这条提示是为了应对 Function Result Clearing（旧工具结果自动从上下文中清除）的机制。模型如果依赖”上下文里还有那个工具调用的结果”，在长对话中会出现幻觉或遗忘。

解决方案是让模型把关键信息主动提炼进响应文本——这既是对上下文管理的适应，也能间接减少对工具结果的重复引用，降低整体 token 消耗。

8.8 Token Budget：把消耗当目标而非限制

prompts.ts 中有一个有趣的 Token Budget 机制：

systemPromptSection(
  'token_budget',
  () =>
    'When the user specifies a token target (e.g., "+500k", "spend 2M tokens", ' +
    '"use 1B tokens"), your output token count will be shown each turn. ' +
    'Keep working until you approach the target — plan your work to fill it ' +
    'productively. The target is a hard minimum, not a suggestion. ' +
    'If you stop early, the system will automatically continue you.',
),

这个机制是反常识的：通常我们想限制 token 消耗，而这里是把 token 消耗设为最低目标。这用于需要模型充分展开分析的场景（如深度代码审查、大规模重构），让模型不会因为”觉得差不多了”而提前停下。

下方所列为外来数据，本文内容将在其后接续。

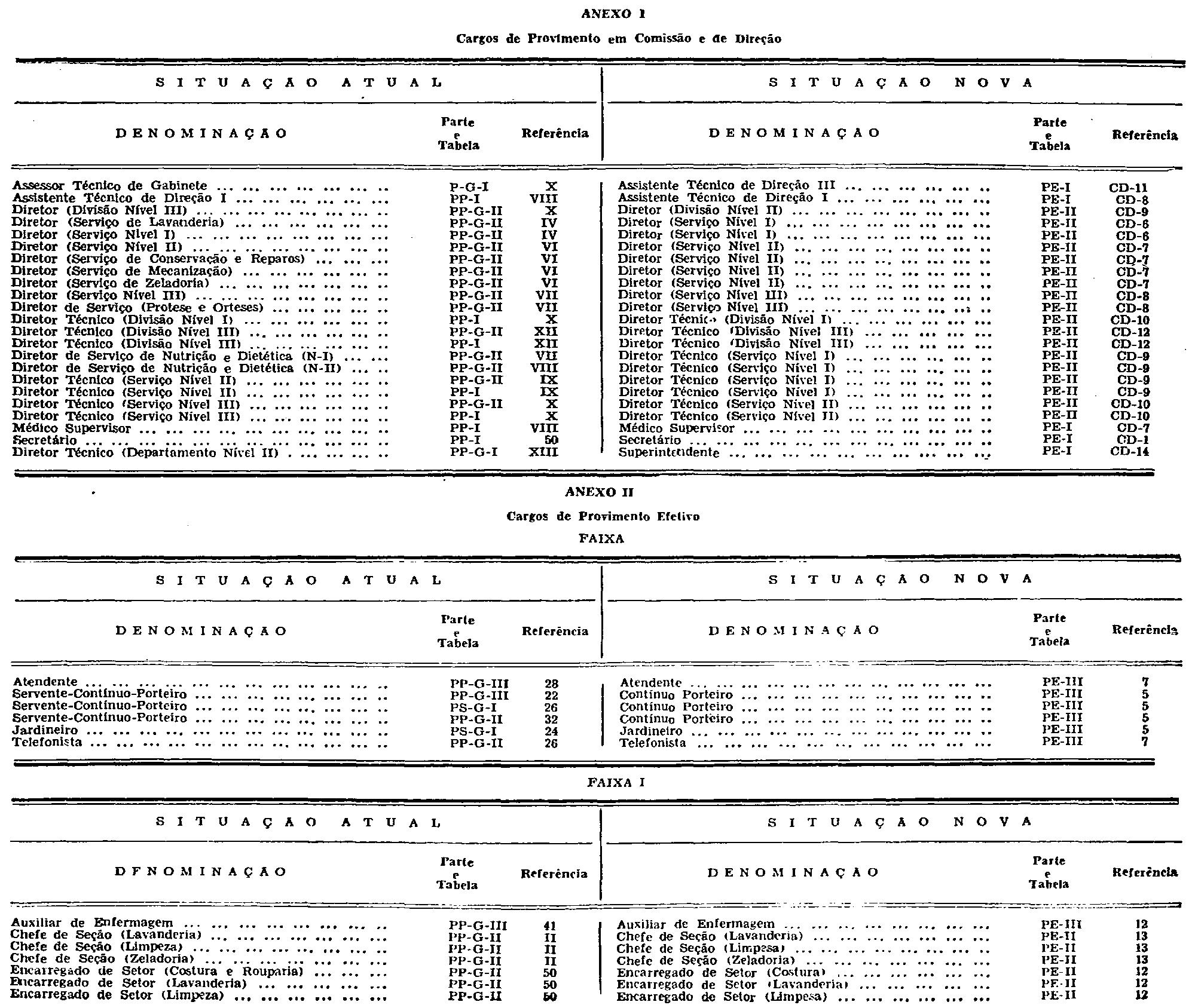 Artigo 6.º - Os cargos constantes dos Anexos I e II serão

这提醒我们：提示词对 token 输出的控制是双向的——既可以设上限压缩输出，也可以设下限强制展开。

小结：可以直接复用的提示词写法

技术	示例写法	效果
数字锚点	`回答不超过 50 词`	比 “简洁” 减少 ~1.2% token
倒金字塔	`先给结论，再解释原因`	减少铺垫性文字
正向枚举输出场景	`只在 X/Y/Z 情况下输出文字`	消除大量”执行日志”
禁止工具调用前加冒号	`工具调用前不要写描述句`	消除 “Let me check…” 模式
禁止 emoji	`除非用户要求，不使用 emoji`	去除装饰性输出
子 Agent 摘要模式	`你的输出会被上层转述给用户，只需要关键信息`	大幅压缩 Agent 输出量

九、提示词工程的工业级经验总结

从 Claude Code 的提示词架构中，可以提炼出几条可迁移的工程经验：

9.1 结构化优于字符串化

提示词不应该是一个大字符串，而应该是可以独立管理的 content block 数组。这样才能对不同部分设置不同的缓存策略、在不同模式下替换不同部分。

9.2 区分静态与动态，最大化缓存命中率

把所有用户共享的内容放在前面，把用户/会话特定的内容放在后面，用明确的边界标记分隔。边界之前的内容可以全局缓存，大幅降低延迟和成本。

9.3 用命名传递设计意图

DANGEROUS_uncachedSystemPromptSection 这个名字本身就是文档。当一个设计决策有代价时，在命名上体现这个代价，让后来者在使用时就能意识到。

9.4 工具名从代码层引用，而非字符串硬编码

提示词中涉及工具名时，从工具定义文件导出常量，在提示词中引用常量。工具改名时，提示词自动同步，不会产生不一致。

9.5 不同用户群体，不同提示词

内部研究用户和外部普通用户的需求不同，可以在同一套代码中维护两套提示词内容，通过构建时或运行时条件切换。关键是保持这种差异明确、有限、有注释说明原因。

9.6 记录每个设计决策的背景

Claude Code 源码的注释里充满了背景信息：这个功能是哪个 PR 加的、为什么要这样而不是那样、等什么条件验证后会改掉。提示词工程尤其需要这种记录，因为修改提示词的影响往往是隐性的、全局的，没有背景信息很难判断一个改动是否安全。

结语

Claude Code 的 prompts.ts 不是一个简单的”把指令写下来”的文件，而是一个有缓存策略、有版本管理、有性能预算的工程产品。

它对提示词的认识是双层的：架构层（如何组织、缓存、分段）和写法层（如何措辞、锚定、控制输出量）。前者决定系统的可维护性和成本效率，后者决定模型在每一次响应中的实际表现。

两层都做好，才是真正的提示词工程。

从这份源码里提炼出的实践，无论是”数字锚点比定性描述减少 1.2% token”这样有数据支撑的细节，还是”工具调用前不加冒号”这样反直觉的规则，都来自 Anthropic 工程师在大规模生产环境下踩过的真实坑。把这些经验迁移到自己的 AI 应用中，是从”能用”到”好用”最直接的路径。